Given information START

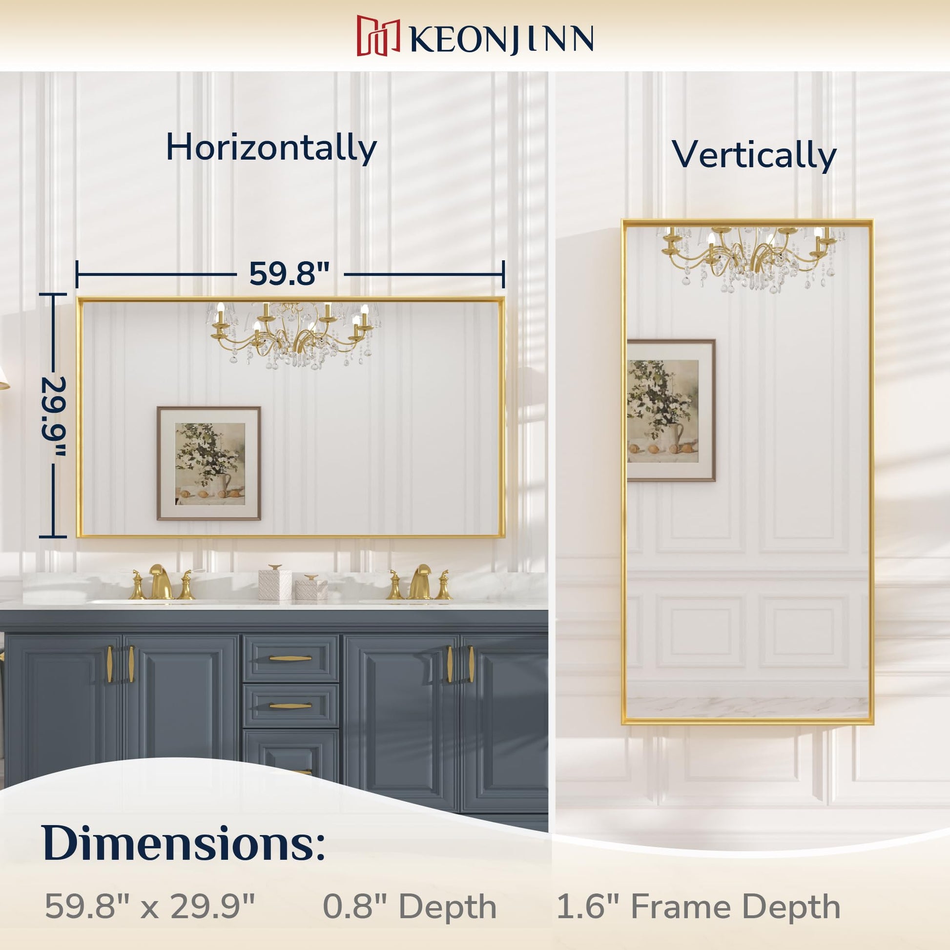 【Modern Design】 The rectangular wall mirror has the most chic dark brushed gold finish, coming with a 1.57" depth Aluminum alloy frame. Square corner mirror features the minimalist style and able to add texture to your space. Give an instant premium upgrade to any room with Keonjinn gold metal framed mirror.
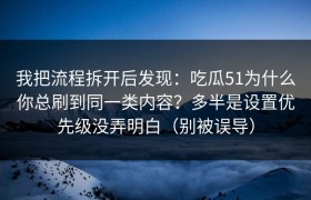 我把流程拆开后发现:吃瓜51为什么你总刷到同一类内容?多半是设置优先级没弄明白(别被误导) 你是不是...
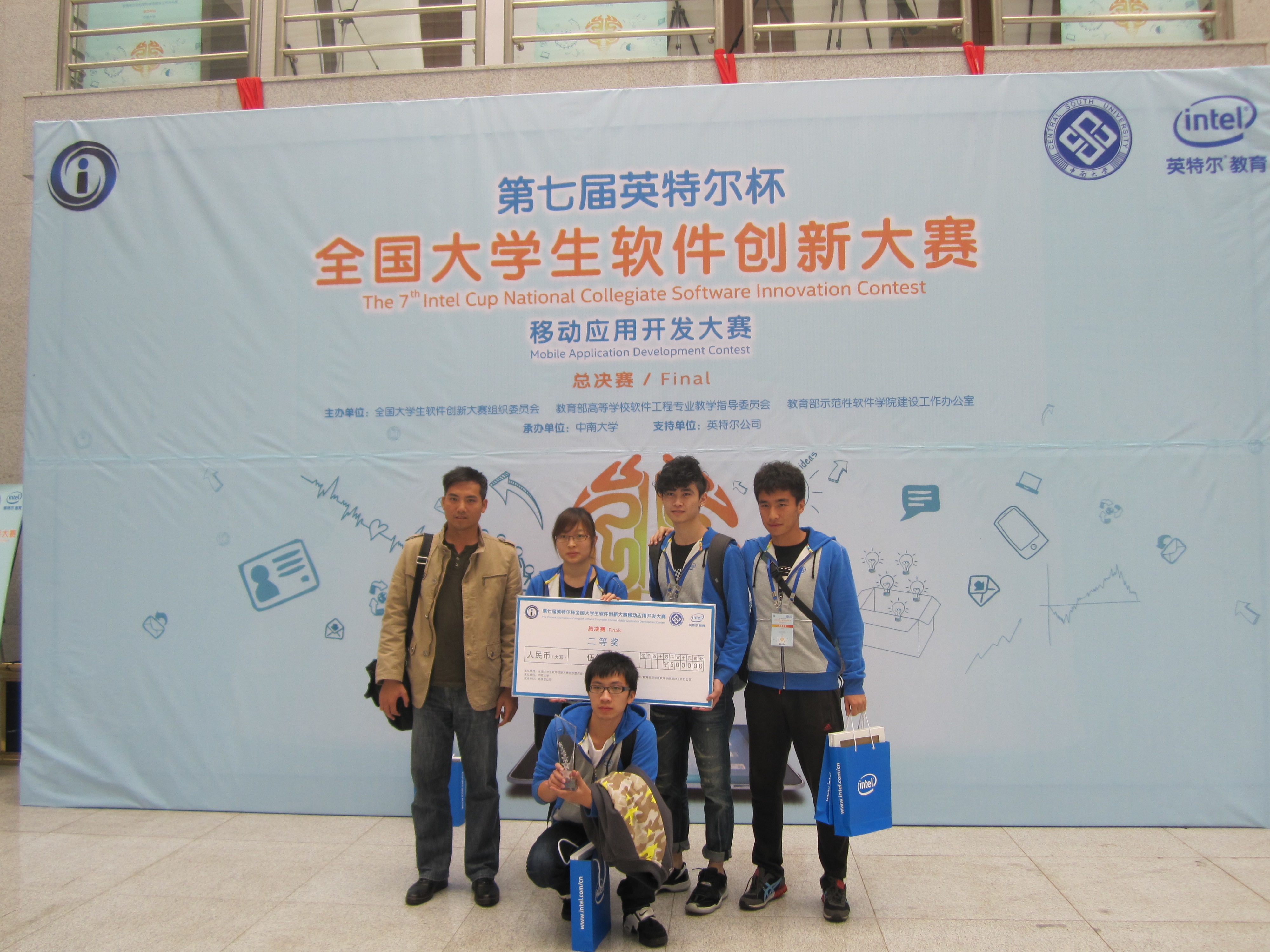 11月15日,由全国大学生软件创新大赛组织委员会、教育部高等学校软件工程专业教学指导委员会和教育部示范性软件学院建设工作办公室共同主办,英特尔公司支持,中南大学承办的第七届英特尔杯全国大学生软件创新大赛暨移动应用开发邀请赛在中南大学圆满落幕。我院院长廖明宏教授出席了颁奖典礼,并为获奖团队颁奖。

Given information END
Given information START

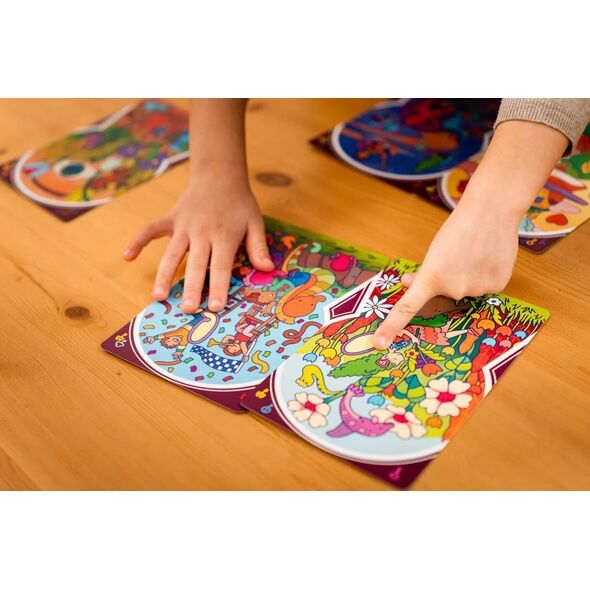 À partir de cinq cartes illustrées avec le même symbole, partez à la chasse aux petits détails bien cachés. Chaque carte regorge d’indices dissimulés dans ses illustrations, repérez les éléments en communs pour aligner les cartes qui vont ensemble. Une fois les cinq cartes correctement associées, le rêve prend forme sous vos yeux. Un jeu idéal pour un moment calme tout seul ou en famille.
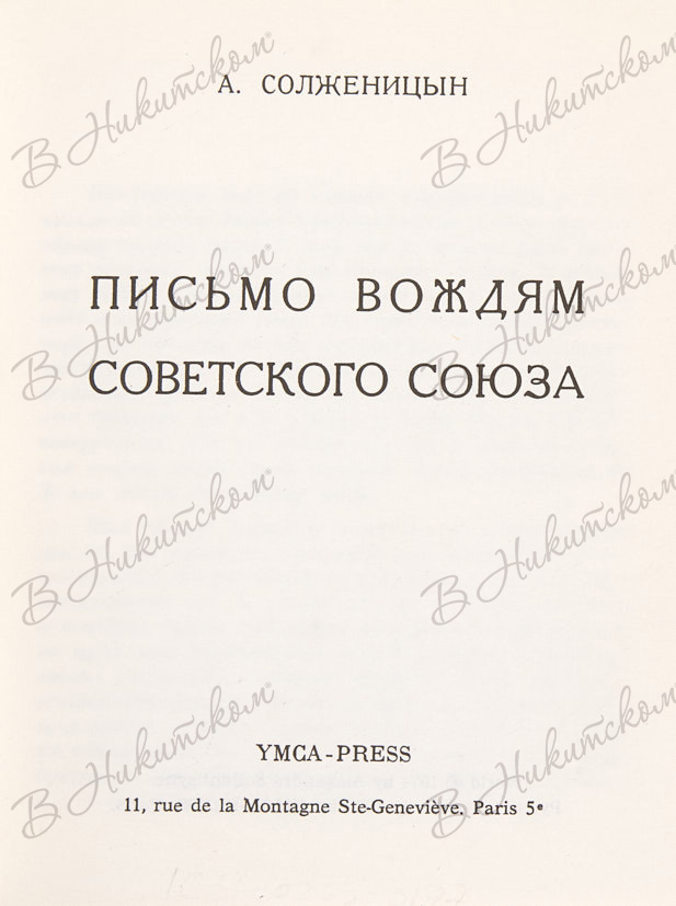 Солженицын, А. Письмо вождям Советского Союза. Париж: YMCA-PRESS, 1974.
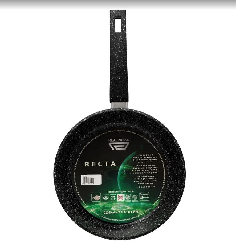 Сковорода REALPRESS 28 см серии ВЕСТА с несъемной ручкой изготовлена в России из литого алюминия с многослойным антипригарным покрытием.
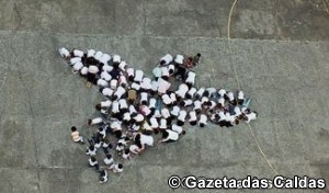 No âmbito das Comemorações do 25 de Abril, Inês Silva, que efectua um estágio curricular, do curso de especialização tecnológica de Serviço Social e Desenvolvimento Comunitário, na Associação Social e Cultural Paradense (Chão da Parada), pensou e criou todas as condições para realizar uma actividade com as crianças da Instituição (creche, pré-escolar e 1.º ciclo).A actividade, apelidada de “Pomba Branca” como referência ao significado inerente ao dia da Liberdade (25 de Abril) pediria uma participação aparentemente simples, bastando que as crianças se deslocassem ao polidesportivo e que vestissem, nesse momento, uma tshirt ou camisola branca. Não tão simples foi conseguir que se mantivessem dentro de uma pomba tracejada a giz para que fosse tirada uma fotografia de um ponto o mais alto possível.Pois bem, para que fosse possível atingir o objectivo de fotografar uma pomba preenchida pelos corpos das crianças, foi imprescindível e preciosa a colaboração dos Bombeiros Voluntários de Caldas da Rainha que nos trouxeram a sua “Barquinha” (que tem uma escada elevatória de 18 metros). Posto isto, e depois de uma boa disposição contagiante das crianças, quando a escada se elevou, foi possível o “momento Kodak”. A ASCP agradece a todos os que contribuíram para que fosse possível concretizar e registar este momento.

Given information END

■ What the exercise asks ■
Now transcribe the lines above exactly, starting at the line containing "metal framed mirror." and ending at the line containing "11月15日,由全国大学生软", both lines included, pictures excluded.

■ Result below ■
 【Modern Design】 The rectangular wall mirror has the most chic dark brushed gold finish, coming with a 1.57" depth Aluminum alloy frame. Square corner mirror features the minimalist style and able to add texture to your space. Give an instant premium upgrade to any room with Keonjinn gold metal framed mirror.
 我把流程拆开后发现:吃瓜51为什么你总刷到同一类内容?多半是设置优先级没弄明白(别被误导) 你是不是...
 11月15日,由全国大学生软件创新大赛组织委员会、教育部高等学校软件工程专业教学指导委员会和教育部示范性软件学院建设工作办公室共同主办,英特尔公司支持,中南大学承办的第七届英特尔杯全国大学生软件创新大赛暨移动应用开发邀请赛在中南大学圆满落幕。我院院长廖明宏教授出席了颁奖典礼,并为获奖团队颁奖。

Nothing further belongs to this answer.